Но тревога за Наташу уже не давала покоя. Аглая знала, что не сможет забыть о подруге, которую необходимо срочно предупредить о том, что ее возлюбленный – человек бесчестный, а значит, Наташа не может и не должна ему доверять. Аглаю пробрала дрожь при мысли о том, что безудержно влюбленная Наташа проводит с Пущиным уже три часа наедине… мысль о том, что мог сделать с Наташей этот насквозь бесчестный человек, заставила Аглаю вскрикнуть, вырвать руку из пальцев Льва – и кинуться в малую залу, где ее должна была поджидать госпожа Метлицына.


Зинаида Михайловна восседала за карточным столом с двумя какими-то почтенными дамами, то и дело клюя носом – к вящему неудовольствию своих партнерш, которые никак не могли понять логики ее ходов, вступавших, видимо, в полное противоречие с правилами игры.

– Что же вы такое делаете, Зинаида Михайловна! – наконец воскликнула одна из них возмущенно. – Отчего вы снова сдаете, если вытянули туз?! Неужели забыли, что в «мушке»[37] первым сдает тот, у кого младшая карта? У меня шестерка, значит, мой черед!

– Да что вы говорите, Прасковья Петровна? – вяло изумилась Зинаида Михайловна, делая знак лакею, появившемуся с подносом, уставленным наполненными рюмочками – судя по насыщенному, яркому цвету напитка, с вишневочкой или смородиновкой. – А разве мы играем в «мушку»?

– Боже мой, Наташенька! – воскликнула Прасковья Петровна, радостно уставившись на вбежавшую Аглаю. – Не пора ли вашей тетушке домой?

И она многозначительно указала глазами на десяток пустых рюмочек, которые собирал со стола второй лакей.

– Пора! – прохрипела Аглая и старательно закашлялась. – Я заболела! Нужно немедленно уезжать!

Однако немедленно не получилось. Пока удалось вытащить из кресел разомлевшую Зинаиду Михайловну, пока посланный лакей добежал до кареты Игнатьевых, ожидавшей за воротами, пока разбудил кучера, который храпел на господском сиденье, пока вернулся за дамами, Зинаида Михайловна успела вздремнуть и снова проснуться. Аглая же сидела как на иголках, опасаясь, что здесь может появиться Лев – и в то же время надеясь на это всем сердцем… всем своим глупым сердцем!

Однако он так и не появился, и в конце концов Аглая, поддерживая клюющую носом госпожу Метлицыну, довела ее до кареты и уселась рядом с ней, считая минуты до возвращения.

Аглая выскочила у ворот дома Игнатьевых и своим хриплым, неузнаваемым голосом велела кучеру отвезти уснувшую Зинаиду Михайловну домой, да ехать побережней, чтобы почтенная дама не соскользнула с сиденья и не свалилась под него. А потом, слегка кивнув привратнику, который зевая открыл ей калитку, подобрала подол домино и побежала к дому, то и дело охая, потому что камушки, которыми была посыпана подъездная дорожка, больно вонзались в ее ступни сквозь тонкие подметки бальных туфель. Ах, ей так и не удалось истанцевать их до дыр!

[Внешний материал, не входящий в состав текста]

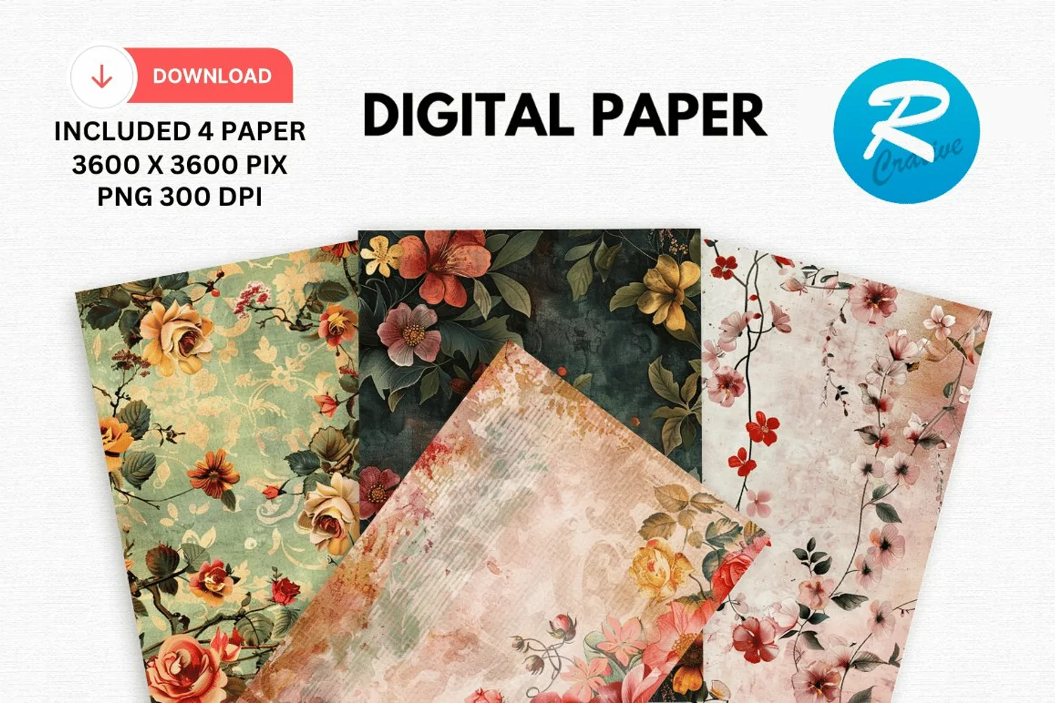 Floral Digital Paper Floral Background Floral Digital Papers Floral Scrapbooking Papers Vintage Floral Digital Papers Watercolor Floral Papers Botanical Digital Paper Designs Flower Pattern Digital Papers Garden Floral Digital Papers Elegant Flower Digital Patterns

Граф Михаил Михайлович, похоже, до сих пор дулся на дочь, поэтому, вопреки своему обычаю полуночничать, рано улегся спать: ни в окне его кабинета, ни в окне его спальни не было заметно даже промелька света. Дома ли Илья Капитонов, Аглая не знала, потому что его окошко выходило на другую сторону. А вот судя по мельканию тени на занавеске, закрывавшей окно Видаля, гувернер был дома и вышагивал туда-сюда, то ли обеспокоенный чем-то, то ли просто-напросто обдумывая завтрашний урок с Алёшенькой.

Аглая скорчила в ту сторону неприязненную гримасу и подняла голову. В Наташином окошке было темно, а в соседнем слабенько мерцал огонек свечи.

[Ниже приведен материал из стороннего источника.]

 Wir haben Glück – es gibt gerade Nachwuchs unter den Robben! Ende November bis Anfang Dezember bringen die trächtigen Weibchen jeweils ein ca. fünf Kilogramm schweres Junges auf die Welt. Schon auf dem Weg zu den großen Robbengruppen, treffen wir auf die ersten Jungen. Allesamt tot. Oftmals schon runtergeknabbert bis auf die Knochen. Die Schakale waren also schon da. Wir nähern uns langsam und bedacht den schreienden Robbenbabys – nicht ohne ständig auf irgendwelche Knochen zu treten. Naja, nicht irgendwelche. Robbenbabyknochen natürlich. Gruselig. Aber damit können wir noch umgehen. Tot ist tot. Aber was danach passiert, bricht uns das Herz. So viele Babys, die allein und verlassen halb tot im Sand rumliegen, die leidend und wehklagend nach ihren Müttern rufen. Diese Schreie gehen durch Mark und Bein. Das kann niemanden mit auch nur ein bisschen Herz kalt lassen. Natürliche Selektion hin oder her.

Это комната Аглаи. Значит, Наташа там!

Девушка обежала дом, поднялась с черного крыльца и открыла дверь. Она знала, что в парадном вестибюле ее должен поджидать лакей Евстафий, который заодно исполнял обязанности швейцара, ежели господа изволивали возвращаться поздно. Евстафий был чрезвычайно болтлив, от него двумя словами не отделаешься, к тому же он знал Наташу с детских лет и был весьма востер: его даже хриплым голосом не обманешь, он вмиг подмену распознает! Именно поэтому Аглая побежала к черному ходу и облегченно вздохнула, увидав там Дроню, который в ответ на ее взволнованное: «Она уже вернулась?» – многозначительно кивнул.

– Дронюшка, милый, спасибо, – пробормотала Аглая и побежала по черной лестнице, обмирая при всяком скрипе ступеньки.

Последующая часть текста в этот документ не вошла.